═════ DATA BLOCK
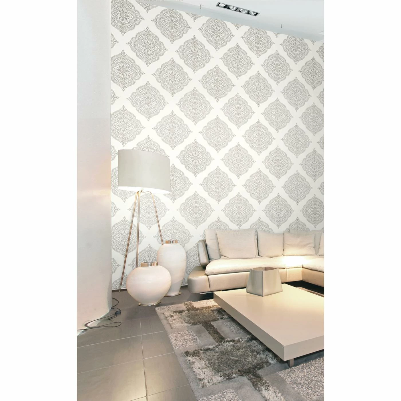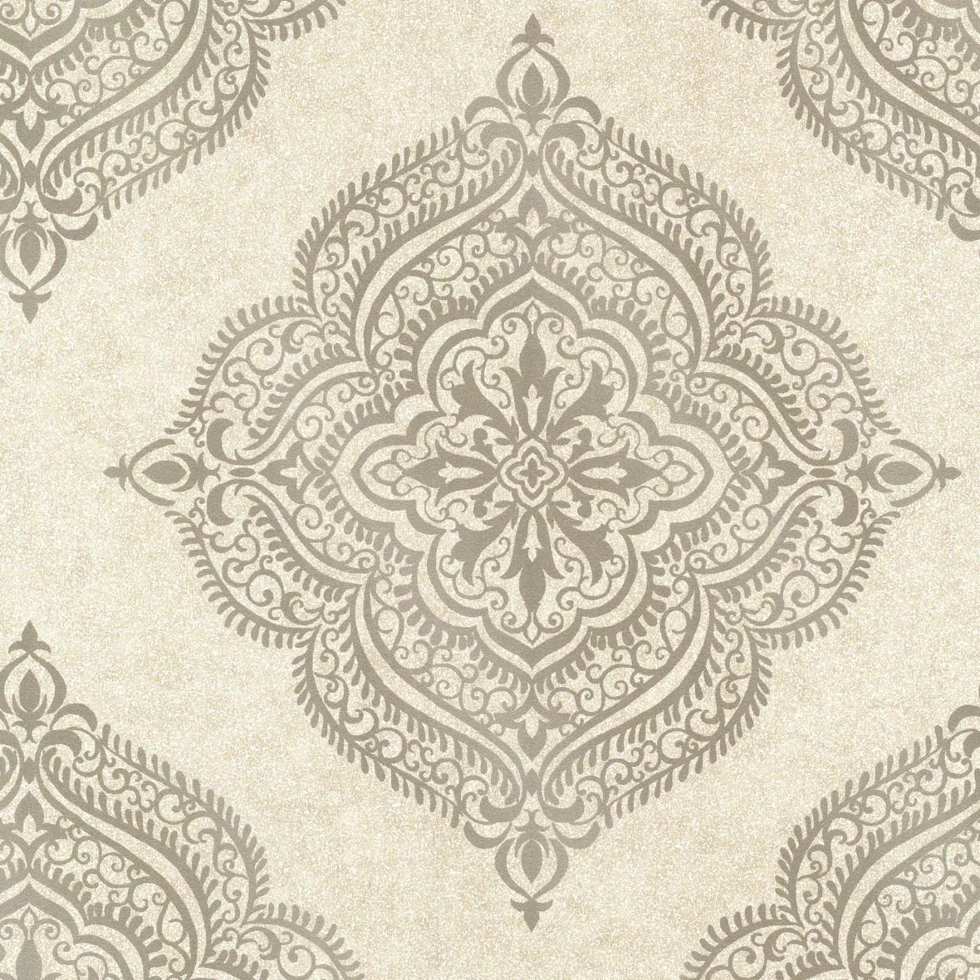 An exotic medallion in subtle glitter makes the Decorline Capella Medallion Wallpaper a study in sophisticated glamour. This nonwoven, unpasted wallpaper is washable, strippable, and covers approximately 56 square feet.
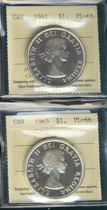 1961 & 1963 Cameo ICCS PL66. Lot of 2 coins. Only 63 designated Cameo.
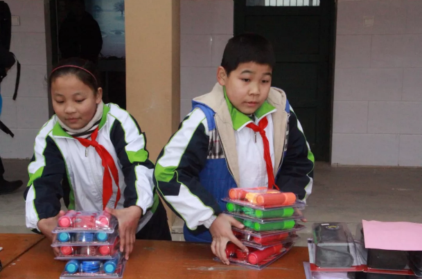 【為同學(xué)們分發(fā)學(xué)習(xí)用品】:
══════════
#### [YOUR GOAL]
Print, please, exactly the lines from the one holding "1961 & 1963" through the final line of the data, both included, while leaving out each picture.

#### [OUTPUT OF THE EXERCISE]
 1961 & 1963 Cameo ICCS PL66. Lot of 2 coins. Only 63 designated Cameo.
 【為同學(xué)們分發(fā)學(xué)習(xí)用品】:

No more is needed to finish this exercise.